[YOUR OBJECTIVE]: From the records below, transcribe only the lines running from the one with "Chamber Awards Dinner" through the one with "Poachers arrested at". Keep both of those end lines.

[DATA FOR REVIEW]:
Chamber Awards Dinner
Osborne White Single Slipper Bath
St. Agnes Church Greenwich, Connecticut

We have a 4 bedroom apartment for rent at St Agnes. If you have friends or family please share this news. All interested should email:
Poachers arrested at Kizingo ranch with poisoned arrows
...
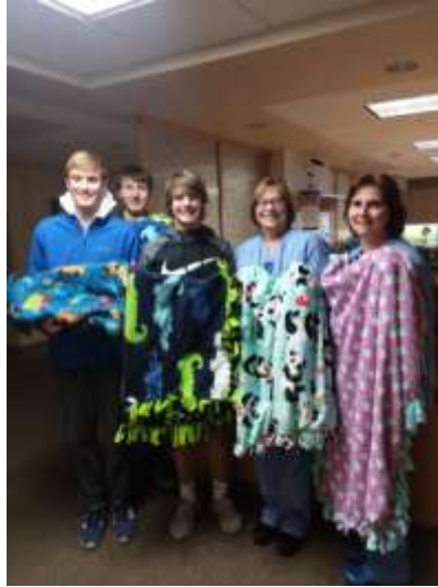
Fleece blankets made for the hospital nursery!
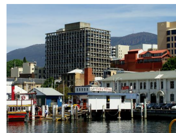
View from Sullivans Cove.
...
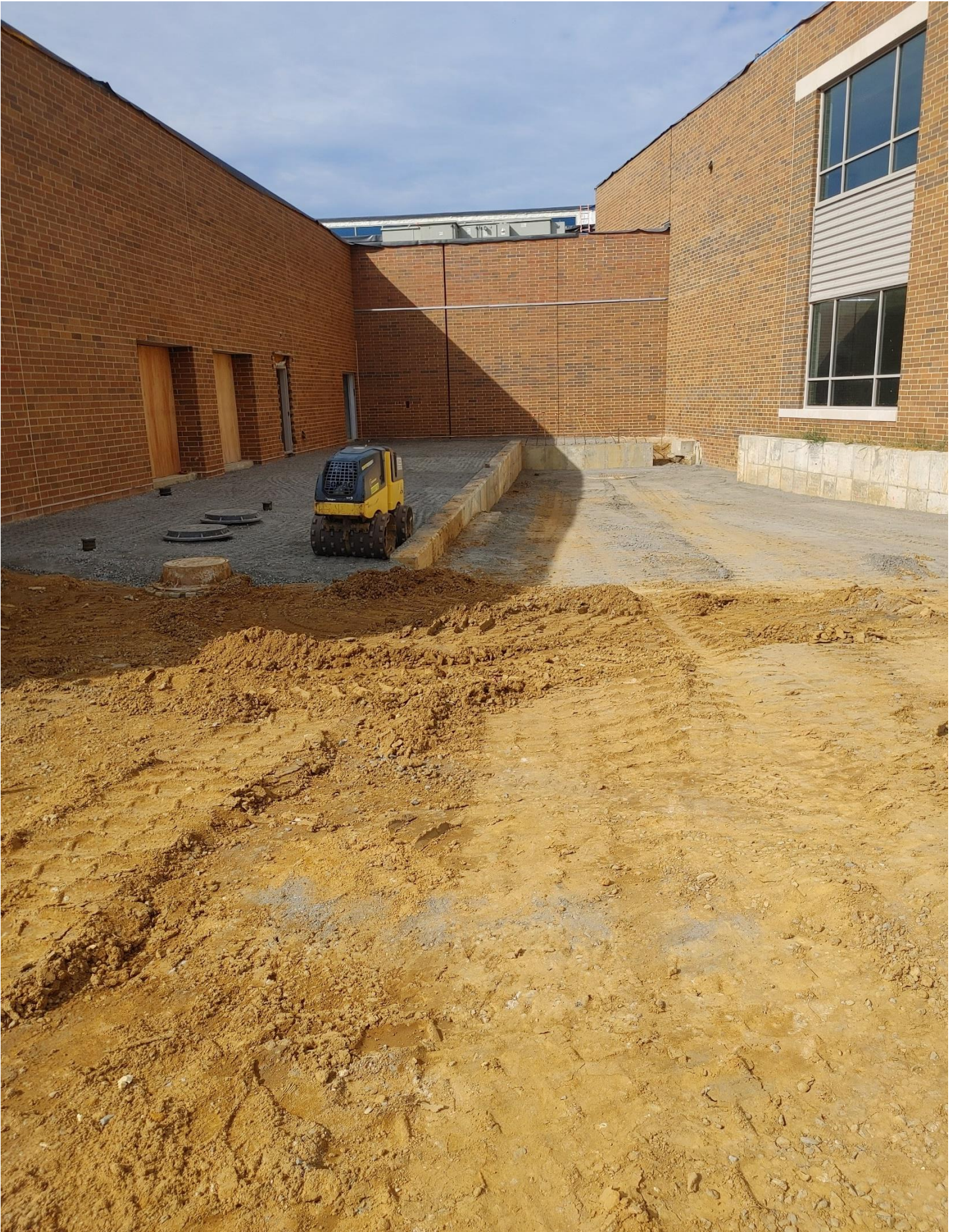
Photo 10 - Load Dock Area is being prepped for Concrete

[EXPECTED ANSWER]:
Chamber Awards Dinner
Osborne White Single Slipper Bath
St. Agnes Church Greenwich, Connecticut

We have a 4 bedroom apartment for rent at St Agnes. If you have friends or family please share this news. All interested should email:
Poachers arrested at Kizingo ranch with poisoned arrows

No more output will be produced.